Forms of association, belonging, and common projects are integral to who and what we are: no recognisable Andrew Davison without Corpus, Merton, Westcott, St Stephen’s House. Entering into eternal life (let us hope), we would bring along with us all the bonds of belonging and association that have shaped us.

If I am to be redeemed, and I am a member of various communities, won’t something of their character feature in that future life - at the very least, in the effect that they have had on me, and so many others?

Andrew Davison's words come from a recent Church Times article, 'Can the Royal Horticultural Society go to heaven?', based on his 2018 Cambridge University sermon, 'Can a University go to heaven?'.

Davison's insight does, I think, remind us of the significance of the Book of Common Prayer provision for today, Accession Day.  This is also the case with, for example, the provision in PECUSA 1928 for Independence Day, and in Canada 1962 for Dominion Day.  Likewise, with the historic 'state services' in the BCP 1662 - 30th January, Oak Apple Day, and 5th November.
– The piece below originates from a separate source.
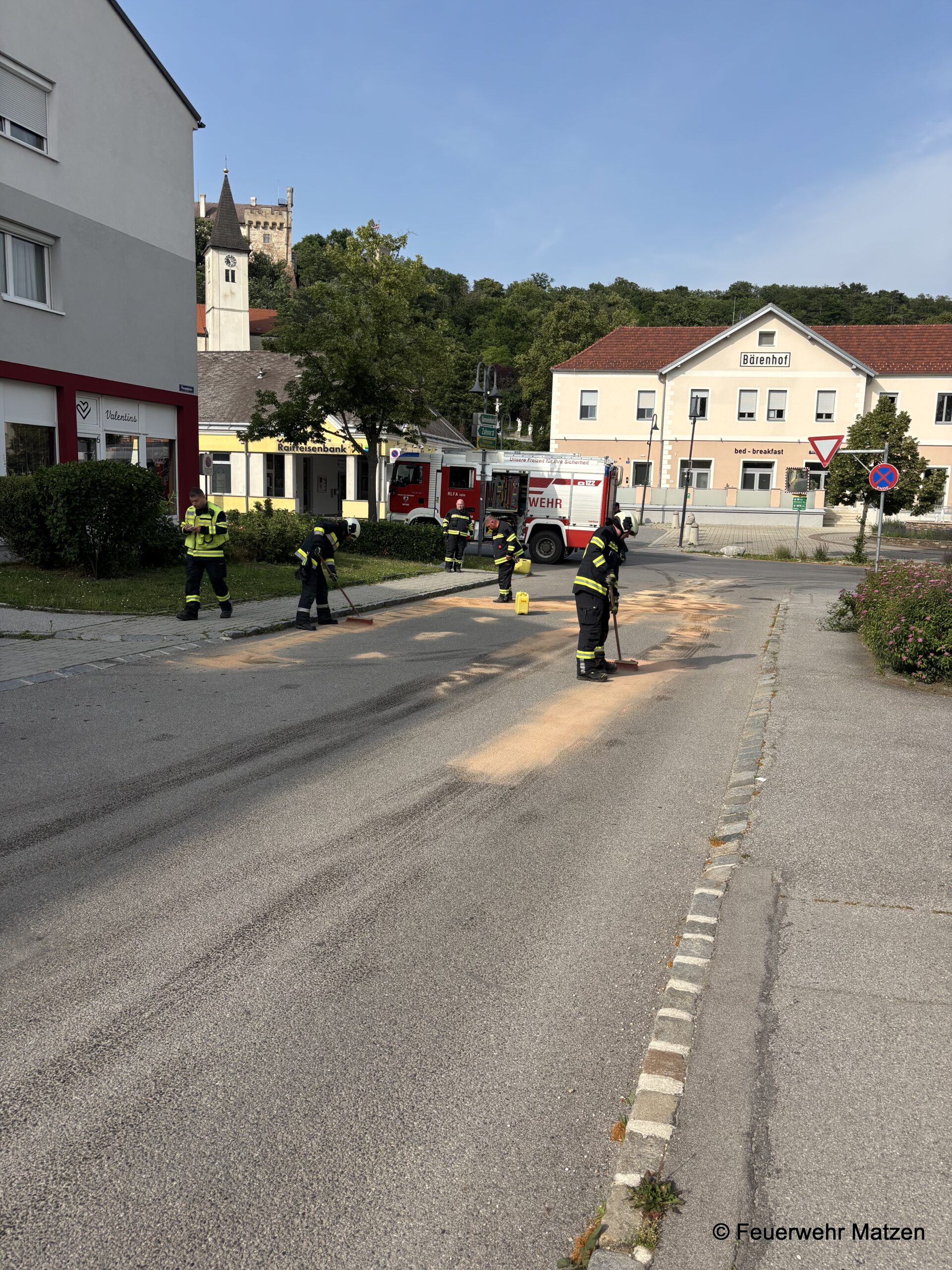 Am späten Nachmittag des 10. Juni wurden die Kameraden der FF Matzen zu einem Schadstoffeinsatz am Hauptplatz alarmiert. Wenig später rückten sieben Mitglieder zur Einsatzadresse aus.

The liturgical provision for each of these days in the Prayer Book tradition draws us to perceive our belonging to this community - nation and polity - as no 'secular' experience, removed from our daily petition 'thy kingdom come'.  Into that petition is gathered our common life life in this community, to be ordered towards the life of de civitate Dei.  This is what the various state commemorations of the Prayer Book tradition proclaim.

As Davison states:

Can a collective enterprise go to heaven? Yes, if it is part of who we are, and that is honourable, just, and worthy of praise. Yes, if it is the fruit of labour, and that has a glory and honour to it. No, if it is woven out of hay or straw; yes, if it is a building in gold, silver, and precious stones ...
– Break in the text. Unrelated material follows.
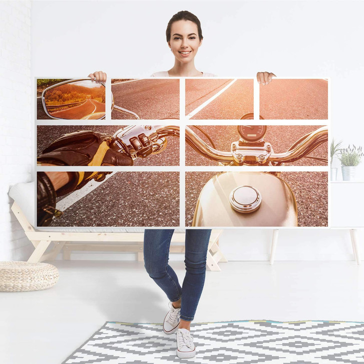 Unsere Möbelfolie Easy Rider für die Hemnes Kommode 8 Schubladen ist der Blickfang in jedem Wohnzimmer. Die Dekofolien sind hochwertige, selbsthaftende Vinylfolien (seidenmatt) und können dank Bubble-free Technologie kinderleicht verklebt werden.

But no — just as firmly, no — if they are marked by “enmities, strife, jealousy, anger, quarrels, dissensions, factions, envy” (Galatians 5.20-21). Whatever has that character, Paul writes, has no place in the Kingdom of God.

This why the state commemorations and state prayers of the Prayer Book tradition are significant: because our belonging and association in the nation and state can be redeemed, can be that which - in Davison's words - "builds, even now, the foundations of the city that is to come".

At the same time, this underlines the significance of the absence of state commemorations from some contemporary Anglican liturgies.  The Church of Ireland BCP 2004, for example, omits the Accession Day provision contained in BCP 1926.  Abandoning the state commemorations - whether out of progressive embarrassment or a Hauerwas-like rejection of Christendom - contributes to the secular city's rejection of the petition 'thy kingdom come'. 

It represents a narrowing of the redemptive vision, a decarlation that those "forms of association, belonging, and common projects" that are the nation and polity are somehow excluded from "the dispensation of the fulness of times [when God the Father] might gather together in one all things in Christ, both which are in heaven, and which are on earth" (Ephesians 1:10).

It also militates against rightly ordering the life of the earthly city after the pattern of de civitate Dei, a failure to set before nation and polity a vision of flourishing shaped by"truth and justice, holiness and righteousness, peace and charity" (from the prayer 'Almighty God, who rulest over all the kingdoms of the world' in the Accession Day service).

The liturgical commemoration of Accession Day, then, is no ecclesial equivalent of historical role-play.  In an age in which the political, economic, and cultural exhaustion of the liberal order is very evident, in which the common life of many polities is characterised by "enmities, strife, jealousy, anger, quarrels, dissensions, factions, envy", the Prayer Book provision for Accession Day sets before us the hope of the redemption of the polity, of the nation.  This is the hope that our common life therein - rather than being damned to the emptiness of secular existence - is called to be rightly ordered towards de civitate Dei, sharing in the life of God.